何のために Infrastructure as Code するのか

Infrastructure as Code を進める目的は、抽象化以外だと、自分の場合は以下の2点が大きいです。

  • 設定作業、設定変更作業のトレーサビリティ確保
  • 設定の標準化による運用コストの抑制

前者は AutoScaling の台数設定とか頻繁に変えると思いますが、コードで commit 履歴残しておくと、いつ何のためにこの設定にしたのか、という妥当性を後追いできるので精神衛生に良いです。正直現状の設定値がどうなっているか、というのは畢竟現物を見てしまえばわかるわけで、設定のバックアップの意味というよりは、「なぜ」その設定にしたのかという根拠が残っていることの効果を強く感じています。ちなみに単に設定変更履歴を追いたいだけであれば AWS Config でも十分だったりするわけで、 Git を使う意味というのは commit message だとか Pull Request を通したやり取りのような、人間の思想が残る点にあると思っています。スライドの p.64 では「何回も作らない」 CDN などの設定はコード化しないとありましたが、自分の場合は「なぜ」を残す意味があると判断したら、設定変更が頻繁ではないだろうものでもコード化します。このように、ツールの使い所は目的に応じて変化するものであり、万人に適用可能な最適解は無いと考えています。

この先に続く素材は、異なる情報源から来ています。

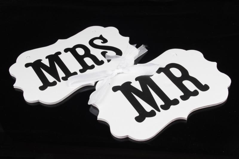 Таблички "Mr&Mrs;" белые (2 шт.) - Длина 25 см - Ширина 5 мм - Высота 16 см - Материал картон, полипропилен

2点目の「設定の標準化」に関しては、社内に複数存在する AWS アカウントで、それぞれ CloudTrail の設定が異なっていたりしたら困るので、一律に揃えたいときにコード化してそれを全部に対して当てていく、というような使い方をします。設定差異が存在する、というのは平常時であればそんなに気にしませんが、いざ問題が起きたときはやはり「なぜ」というのが問われる部分になりますので、必要性がなければ設定を標準化しておくことは運用コストの低減に繋がります。その設定がレポジトリを通じて、メンバー間に可視化されているというのも意味が大きいです。

Conclusion

つらつらと書きましたが、スライドの内容には基本的に同意で、何のために IaC したいのか、という ROI の観点は常に考慮が必要だと感じています。 Ansible でサーバーの設定作業をコード化して、その後の設定変更も全部 Playbook の変更で頑張っていたけど、徐々に無理になってきたので設定変更手順を Wiki に書いて Playbook は破棄した、その方が「管理コスト」という面では低くなった、なんて経験もあります。手作業は残ってても構わないと思います。ただし、代替として手順を書くとか、設定をエクスポートするなりして残す、ということは必要に応じてやらなくてはならないですが。

Terraform というツールは大好きなので、自分の目的にどう合わせていけるか、今後も試行錯誤を重ねていきます。